Bob ... with all due respect ... the Rybka Cluster has nothing to do with parrallel search as you define it, and has obviously taken a completely different route from that type of setup. You might be right that the 100 elo figure sounds high ... but that was in testing in blitz games and on that platform 100 elo sounds more than plausible. At LTC it could be a little less ... but not by much.
For Robert Hyatt and Vincent maybe some interesting information was posted about Rybka's cluster set-up that they have not yet read.

I don't really know what Vincent's big Beijing cover-up story is all about, maybe somebody knows the facts about that :?: :!: Hey Vincent is Toga now supposed to be part of Chessbase or something :shock:

But at least for Rybka I'm pretty sure this is or was not an SMP-box or a supercomputer and not a setup simply splitting at the root either, of course that is not all there is to it, can't be, and I don't for one second believe that Bob believes himself that Rybka's Kibitz-output would be proof of "splitting at the root" only, or not "sharing state information" between the computers as Alan put it on Rybka forum.

Well, anyway I think it was very interesting to read some more from Lukas Cimiotti and his work on the cluster.

Eelco
By Kullberg Date 2008-12-06 19:48 My cluster has only 5 computers = nodes. Each computer has 8 cores.
Hardware specs are:
Skulltrail 4 GHz
Skulltrail 3.8 GHz
Asus Z7S WS 2x X5460 @ 3.8 GHz
Asus Z7S WS 2x X5450 @ 3.6 GHz
Asus DSEB-DG 1x E5430, 1x E5420 @3 GHz (subject to change in the near future).
All computers have 8 GB of RAM each.
I built them all myself.

Regards,
Lukas on playchess I am Rechenschieber, Victor_Kullberg and Abdul H

By Roland Rösler Date 2008-12-07 01:10 1. Did you ever solve test suites or single test positions with your cluster?
1.1 If yes, what are the results in comparison to the fastest system in your Cluster?
1.1.1 Did you ever tried this test position? It needs wideness in the beginning, depth in the middle and wideness at the end; only eval >2 is solved!
1.2 If no, why not?

2. Is the Cluster a permanent configuration or is it only for big tournaments we have seen?
2.1 If yes, how many games did you play with the Cluster and what are the results (Elo ?)?
2.2 Do you believe, Cluster Rybka is better >100 Elo than your fastest system in the Cluster?
2.3 How many updates did you get from Vas after WCCC in Beijing for Cluster Rybka?

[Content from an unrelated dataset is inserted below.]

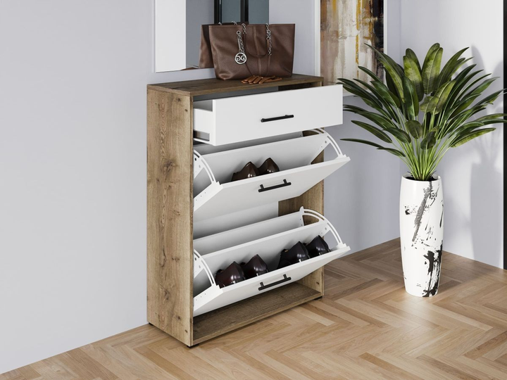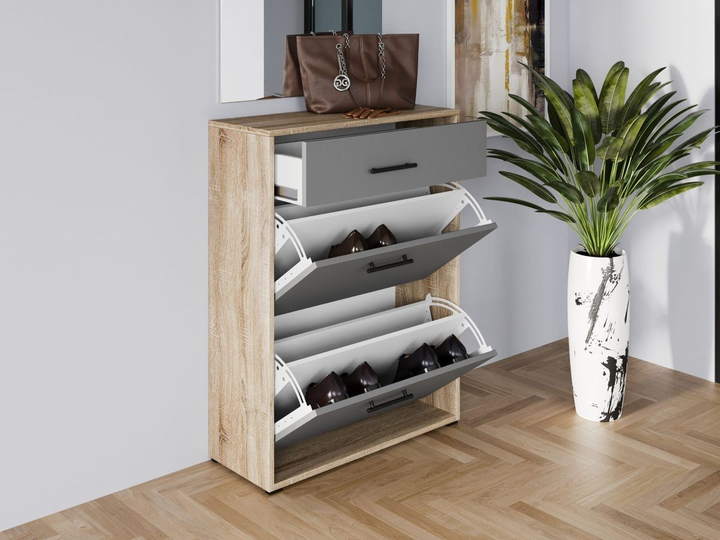 Полиця (тумба) для взуття / обувниця закрита від виробника DrevoGoods вузька з ламінованого ДСП для дому з висувною шухлядою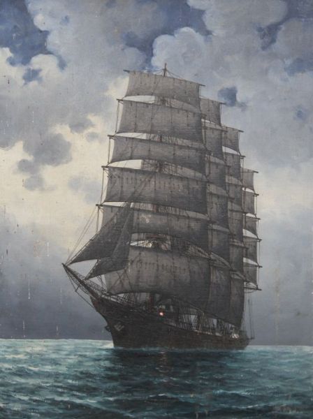 Schooner under way at dawn and at dusk

3. Are five systems the upper bound for the Cluster now?
3.1 If no, what would be the benefit of a sixth equal system (imagine the first five systems are rather equal)?
3.2 If yes, what would be the benefit, if you changed your slowest system by a system which is equal to your fastest?

4. Is there any gain, that the systems of the Cluster are not identical?
4.1 If yes, do the software know (automatic ?), which system is the fastest and which is the slowest, or doesn´t this matter?
4.2 If no, is unpredictability of mp search enough for system (ressource) allocation?
4.3 What would be the result, if your Cluster has to play against a Cluster with five identic 4 GHz Core i7 systems (price ~ Euro 5,000; Phil told me )?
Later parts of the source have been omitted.